Перестав следить за рассказом Коллинза, я мысленно перенесся назад к Четвертому июля, когда я купил свой первый пакетик бенгальских огней, а вместе с ним и длинные ломкие куски трута, который тлеет красным огнем, если на него подуть; его запах въедается в пальцы на много дней и заставляет думать о странных вещах. Четвертого июля в Америке все улицы усыпаны ярко-красными бумажками с черными и золотыми рисунками, везде – маленькие петарды для фейерверка с такими удивительными внутренностями; сколько их тут, и все связаны вместе своими тонкими, плоскими, короткими кишочками-струнами цвета человеческих мозгов. Целый месяц в воздухе стоит запах пороха и трута, и повсюду – золотая пыльца от красных оберток, прилипающая к пальцам. Ты не думаешь о Китае, но он с тобой – на кончиках пальцев и в ноздрях, которые он щекочет. И потом, много дней спустя, когда ты уже забыл запах фейерверка, ты внезапно просыпаешься, потому что золотая пыльца душит тебя и в ноздрях – едкий запах горящего трута, и ты вспоминаешь ярко-красные бумажки с чувством тоски по стране и народу, которых ты никогда не видел, но которые – в твоей крови, которые вошли туда каким-то таинственным образом, как чувство времени и пространства, как какое-то неуловимое, но постоянное впечатление, к которому ты возвращаешься все чаще по мере того, как стареешь; ты стараешься охватить это умом, но безуспешно, потому что во всем китайском – мудрость и тайна, и ты не можешь коснуться их руками или понять разумом, они должны прилипнуть к тебе, остаться на кончиках пальцев и медленно проникать в вены.
Несколько недель спустя, получив настойчивое приглашение от Коллинза, который только что вернулся в Гавр, мы с Филмором сели на утренний поезд, чтобы провести выходные дни с нашим другом. Впервые я покидал Париж. Мы были в чудном настроении и всю дорогу пили анжуйское. Коллинз дал нам адрес «Бара Джимми», где мы должны были с ним встретиться, – его, по словам Коллинза, знает в Гавре каждая собака.
На вокзале мы влезли в открытый экипаж и отправились к месту встречи бодрой рысцой. У нас еще осталось полбутылки анжуйского, и мы допивали его по дороге. Гавр – веселый солнечный город, бодрящий воздух пропитан крепким соленым запахом, который заставил меня вспомнить о Нью-Йорке чуть ли не с ностальгической грустью. Везде мачты и корпуса судов, яркие флаги, большие открытые площади, кафе с высокими потолками – такие кафе можно встретить только в провинции. Все это было замечательно, и казалось, знаменитый порт встречает нас с распростертыми объятиями.
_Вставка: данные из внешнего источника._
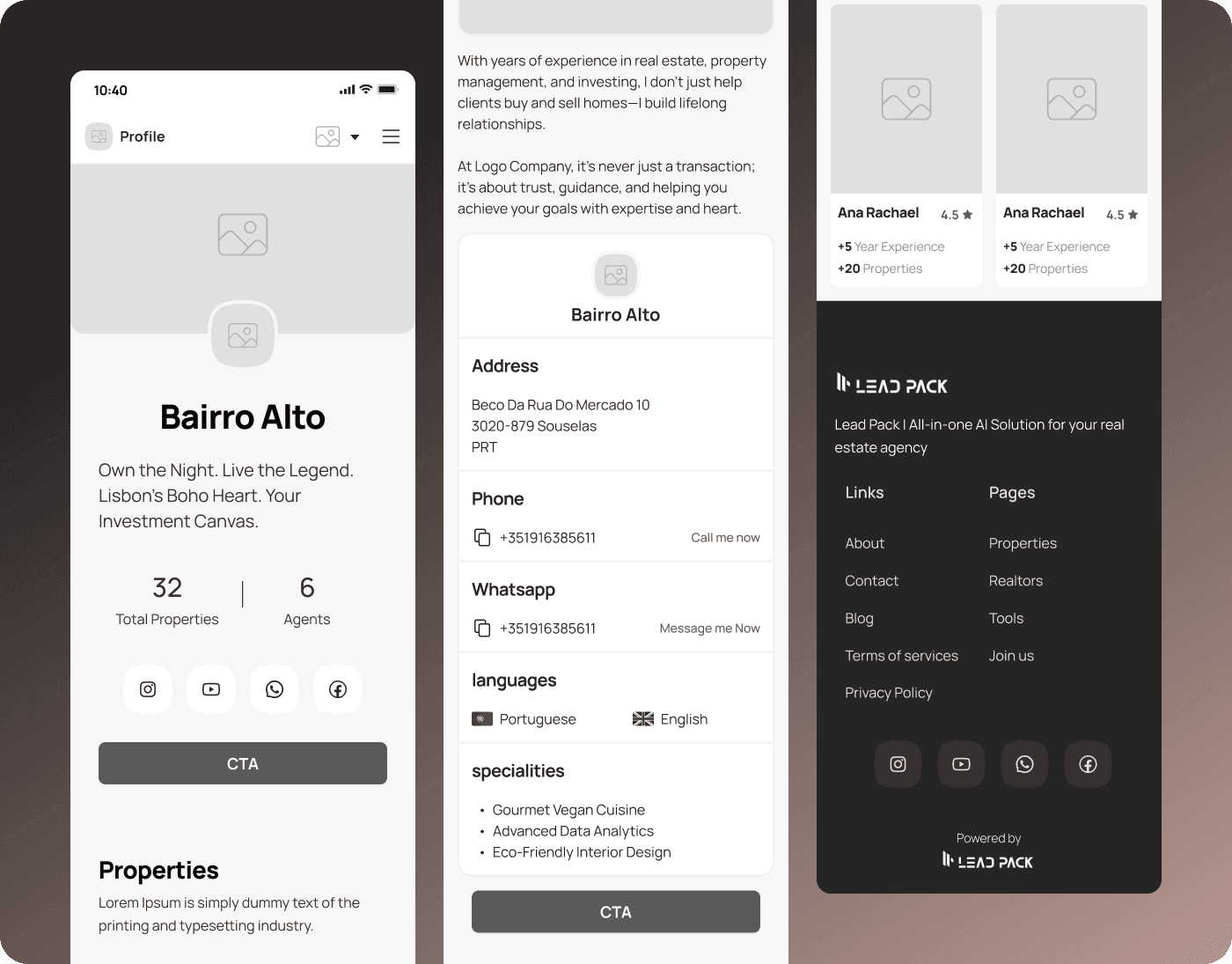 For the LeadPack application's core functionality and user experience, we executed an iterative, low-fidelity prototyping phase. This ensured that the foundational architecture was robust and aligned with the critical needs of real estate professionals and their clients. The process was strategically involved:
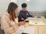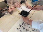 En la parte más práctica del taller, la profesora Yang desveló que existen cinco tipos de escritura: de sello (zhuan shu), clerical (li shu), regular (kai shu), cursiva (xing shu), y de redacción (cao shu). Esta maestra de la caligrafía mostró a los alumnos las herramientas necesarias en esta disciplina. A saber: el pincel, que se divide según el nivel de dureza del pelo. La tinta, de la que existen cinco tonalidades diferentes dependiendo de la cantidad de agua que se añada. Y por último, el papel Xuan, también conocido como papel de arroz, que puede ser crudo, semimaduro y maduro.

Не дойдя до бара, мы увидели Коллинза, бегущего по улице – очевидно на вокзал, но, как всегда, с опозданием. Филмор немедленно предлагает выпить по рюмочке перно: мы хлопаем друг друга по спине, хохочем и фыркаем, уже пьяные от солнца и соленого морского воздуха. Сначала Коллинз в нерешительности – стоит ли ему пить перно. Он сообщает нам, что у него легкий триппер; нет, ничего серьезного, скорее всего, это наследственное. Он вынимает и показывает мне бутылочку с лекарством, насколько я помню, оно называлось венесьен – матросское средство от триппера.
Перед тем как отправиться к Джимми, мы решаем перекусить и заходим в приморский ресторан. Собственно, это не ресторан, а огромная таверна с прокопченными потолочными балками и столами, гнущимися под тяжестью снеди. Устроившись, мы с удовольствием пьем вина, которые рекомендует нам Коллинз, а потом выходим на террасу пить кофе с ликерами. Коллинз говорит все время о бароне де Шарлю, который ему очень нравится. Почти месяц Коллинз жил в Гавре, спуская деньги, заработанные на контрабанде. Его вкусы очень просты – еда, вино, женщины и книги. И ванная в номере! Это обязательно.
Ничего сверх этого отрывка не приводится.